The reply should contain only the lines from the start of the records through the line with "Pokémon Trainers, be", reproduced verbatim and without pictures.

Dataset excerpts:
----------

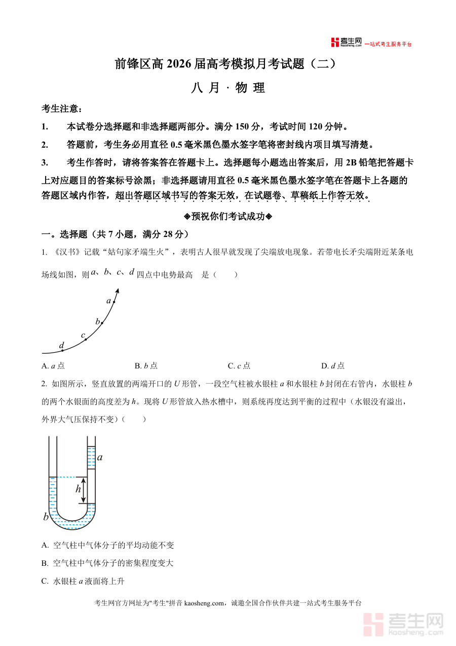 《精品解析:2026届四川省广安市前锋区高三上学期8月模拟预测物理试题(原卷版).docx》是一份面向2026届四川省广安市前锋区高三学生推出,对应高三上学期8月物理模拟预测考试的原卷型备考资料,精准匹配该地区高三年级在8月阶段开展物理模拟预测考试所需场景与规范要求,提供了符合考试流程与形式标准的试卷载体,是该阶段物理学科备考活动的重要支撑资料之一。
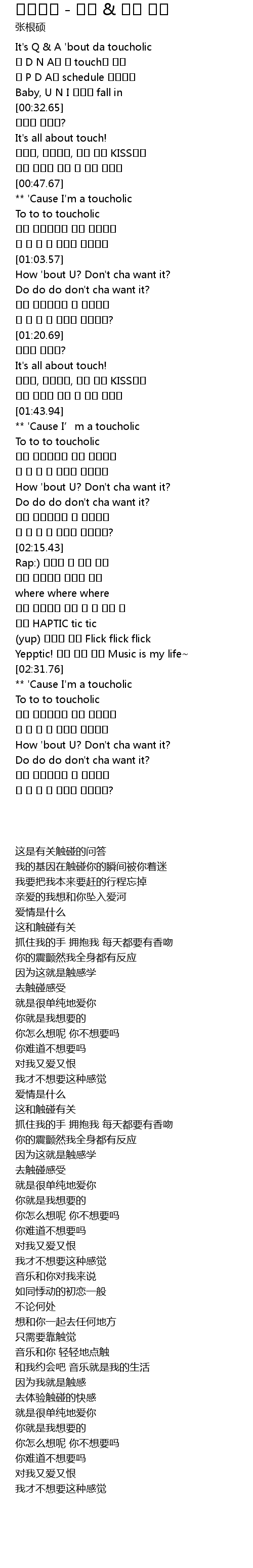 | [00:19.96] | 난 D N A가 다 touch에 홀린 |
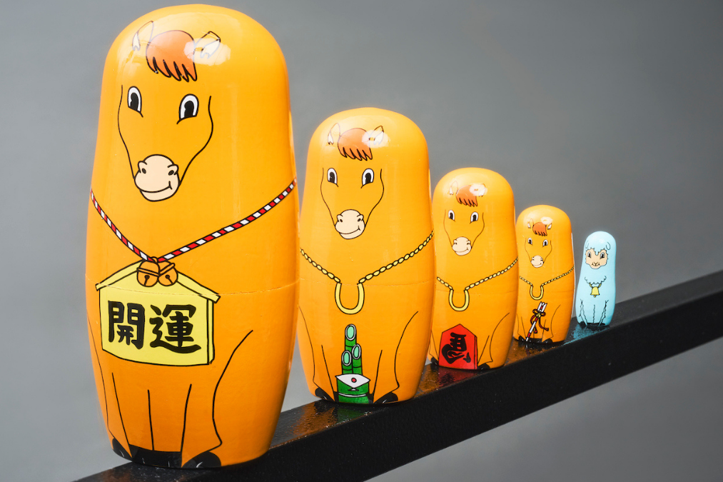 【ユーモアたっぷり】来年もきっとウマ〜くいくマトリョーシカ【ディテール】
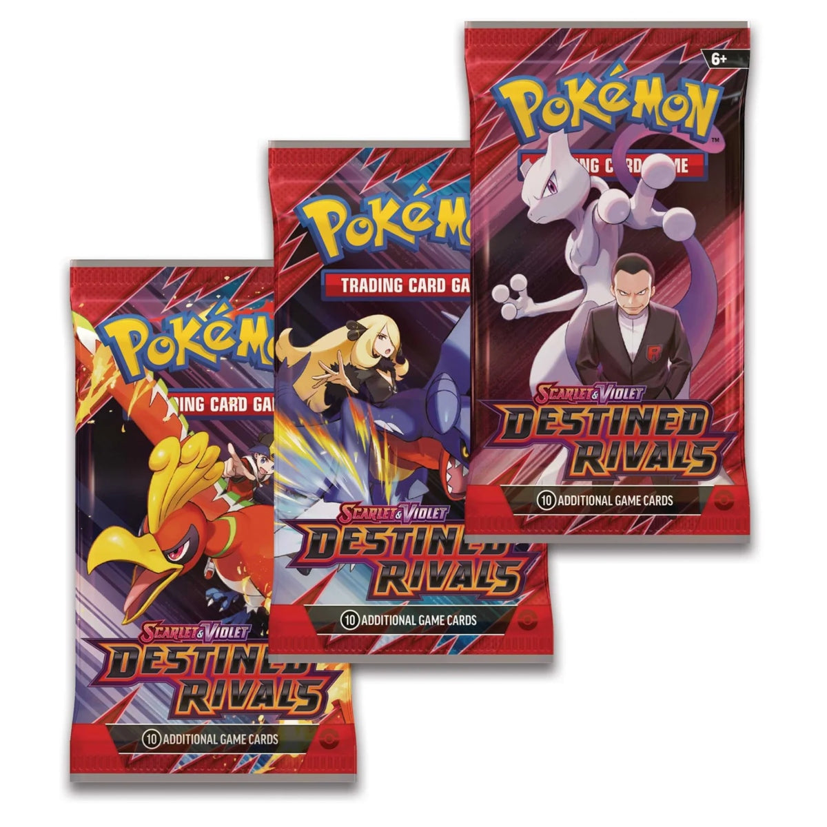 Pokémon Trainers, be on high alert! The nefarious Team Rocket is setting its latest plan into motion, and heroic Trainers are racing to stop it. Join forces with the likes of Cynthia and Garchomp ex, Ethan and Ho-Oh ex, or Arven and Mabosstiff ex... Or reconsider your loyalties and fight alongside Team Rocket's Pokémon like Mewtwo ex-under the command of Giovanni! Choose a side, assemble your allies, and battle boldly in the Pokémon TCG: Scarlet & Violet-Destined Rivals expansion!
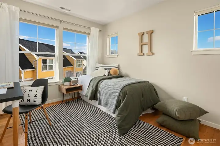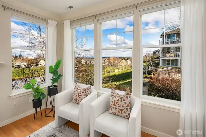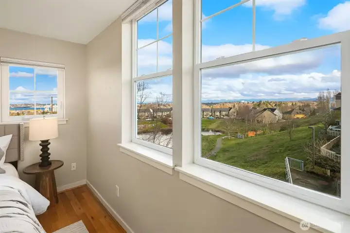 Welcome home to this special house in the heart of West Seattle. This wonderful abode is perfectly situated in the desirable High Point neighborhood where it boasts a prime perch above the reservoir with a sweeping territorial, Sound and mountain view. Enjoy a welcoming front porch where you can relax while gazing out at a verdant green space. Upon entry, the home invites you in warmly with an open living area and kitchen. Entertaining is easy here. Other main floor highlights include ample kitchen storage and an enviable pantry space. The upper level has 3 spacious bedrooms. The primary bedroom is cheery and light-filled with a well appointed en-suite bathroom. Don't miss the eastern views from there! There's a fourth bedroom on the lower level that serves beautifully as a spare bedroom. The additional room on the lower level flexes as an office, workout space or media area. Enjoy the rare 2 car garage with additional storage. Air-conditioning to boot! This spacious serene home is not to be missed. You'll appreciate the superb location just minutes to the West Seattle Junction, Lincoln Park, Alki Beach, countless shops and restaurants. This locale further offers a swift commute downtown by car, bike or express buses.
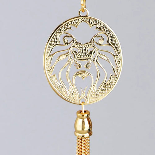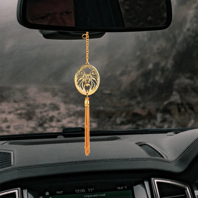 Elita Gold-Plated Finish in Brass Singal Lion Car Hanging, Chain Link Design
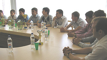 - Мы приглашали на нашу сегодняшнюю встречу представителей Минспорта республики, - к сожалению, никто не пришел. Хотелось бы получить хоть какую-то поддержку от ММПСиТ РБ, хотя бы моральную. Ведь нам очень тяжело одним тащить эту ношу. Вы приобрели бесценный опыт в этом сезоне, ребята. Надеюсь, костяк команды сохранится, и мы будем работать дальше, расти в результатах. Наш университет готов принять в свои стены талантливых ребят, мы можем предоставить им жилье, дать образование, в том числе получить ученую степень, но, к сожалению, только не оплату футбольных контрактов. Еще раз повторю, будем искать солидных спонсоров и поддержки в высших инстанциях.
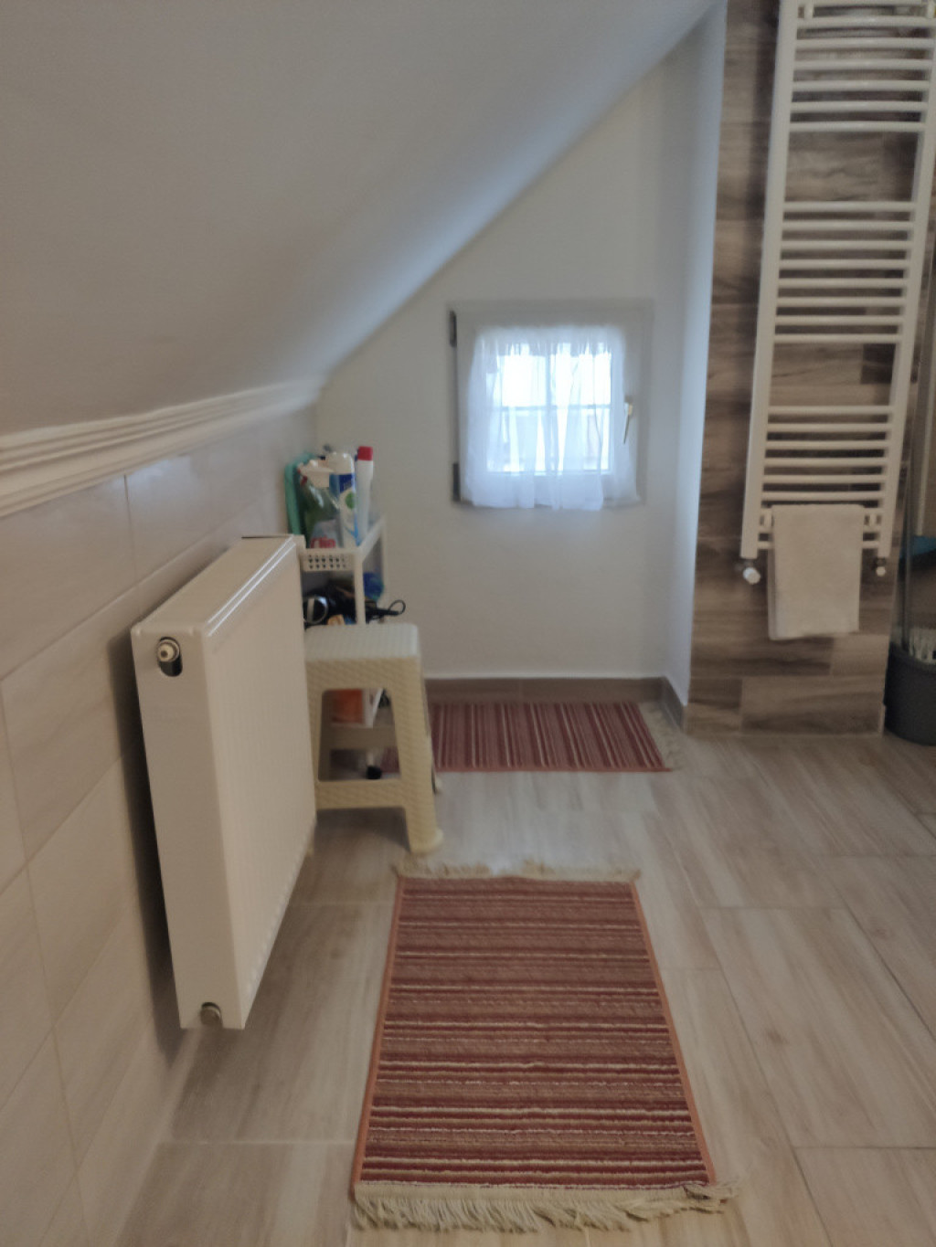 Ez egy egykori családi ház felső szintje, amely ma már hivatalosan társasházként működik, mégis megőrizte azt az érzést, amit a klasszikus otthonok tudnak:
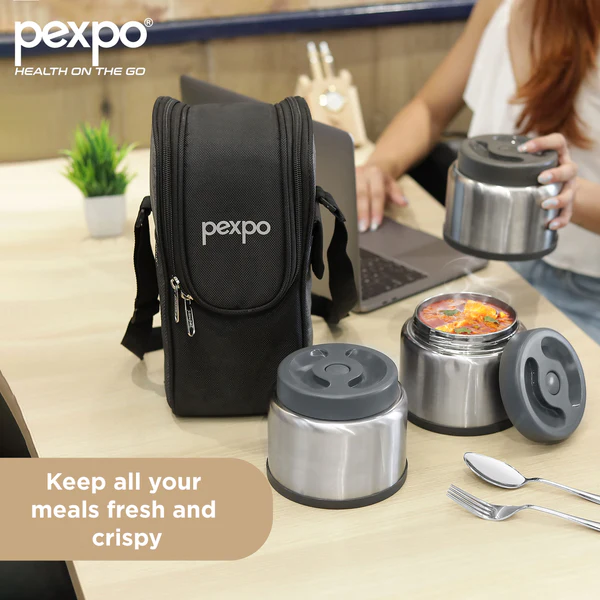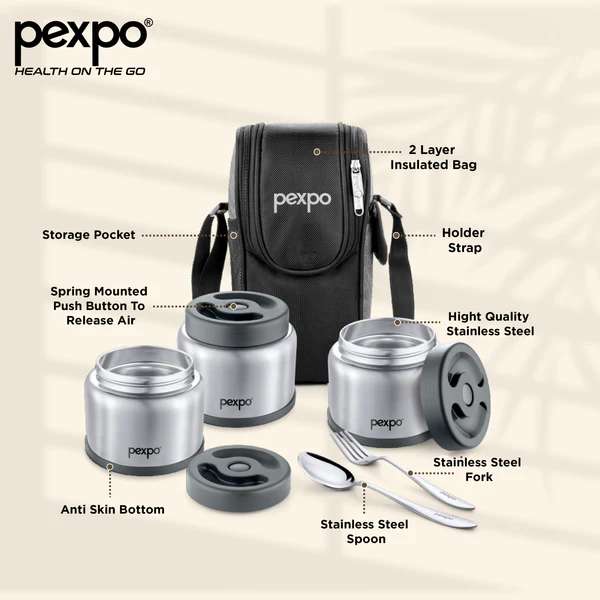 Pexpo Extreme Double Wall Vacuum Insulated Stainless Steel Lunch Box 3 Container
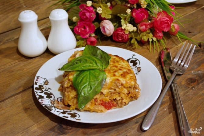 Идеально подойдет Пармезан, но это не так принципиально. Ставим лазанью в духовку на 30 минут. Подаем горячей.
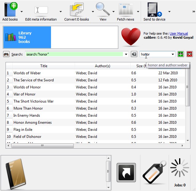 In an earlier thread, I heard that: 1. The name of the saved search should appear in the search box, not the value (the search itself). 2. There should be a way to select and create saved searches near the search box, without being required to open the tag browser. 3. Tooltips should be used to show the value of a saved search. 4. The tag browser should be used (as well) to select saved searches. The current (unreleased) implementation includes a try at items 1 - 3, along with a way to delete saved searches. The linked screen shots show what it looks like. I didn't embed the screen shots because doing so made the post almost impossible to read. 1. Just after calibre starts. This is what you see when the application starts. There is a new combo box and two new buttons on the right side of the search box. (attachment 1-after_opening.jpg) 2. After typing in a search. The search box contains the search (duh!). The saved search box is still empty. (attachment 2-After a search.jpg) 3. Named the search. I typed "honor" into the combo box and pressed the save button. Note that the text in the search box changed from the search itself to the name of the search. Note also the tooltip showing the search text. (attachment 3-Named a search.jpg) 4. Here is a shot with the combo box open, showing the available searches. There is no easy way (that I know of) for the tooltip to show each search. (attachment 4-Search selection open.jpg)5. I selected a different search (hammer). This screen looks much like 3. (attachment 5-A different search.jpg) Any suggestions? Be kind.
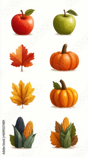 Colorful autumn harvest with apples, pumpkins, leaves, and corn displayed in an artistic arrangement

----------

● Task solution:
 《精品解析:2026届四川省广安市前锋区高三上学期8月模拟预测物理试题(原卷版).docx》是一份面向2026届四川省广安市前锋区高三学生推出,对应高三上学期8月物理模拟预测考试的原卷型备考资料,精准匹配该地区高三年级在8月阶段开展物理模拟预测考试所需场景与规范要求,提供了符合考试流程与形式标准的试卷载体,是该阶段物理学科备考活动的重要支撑资料之一。
 | [00:19.96] | 난 D N A가 다 touch에 홀린 |
 【ユーモアたっぷり】来年もきっとウマ〜くいくマトリョーシカ【ディテール】
 Pokémon Trainers, be on high alert! The nefarious Team Rocket is setting its latest plan into motion, and heroic Trainers are racing to stop it. Join forces with the likes of Cynthia and Garchomp ex, Ethan and Ho-Oh ex, or Arven and Mabosstiff ex... Or reconsider your loyalties and fight alongside Team Rocket's Pokémon like Mewtwo ex-under the command of Giovanni! Choose a side, assemble your allies, and battle boldly in the Pokémon TCG: Scarlet & Violet-Destined Rivals expansion!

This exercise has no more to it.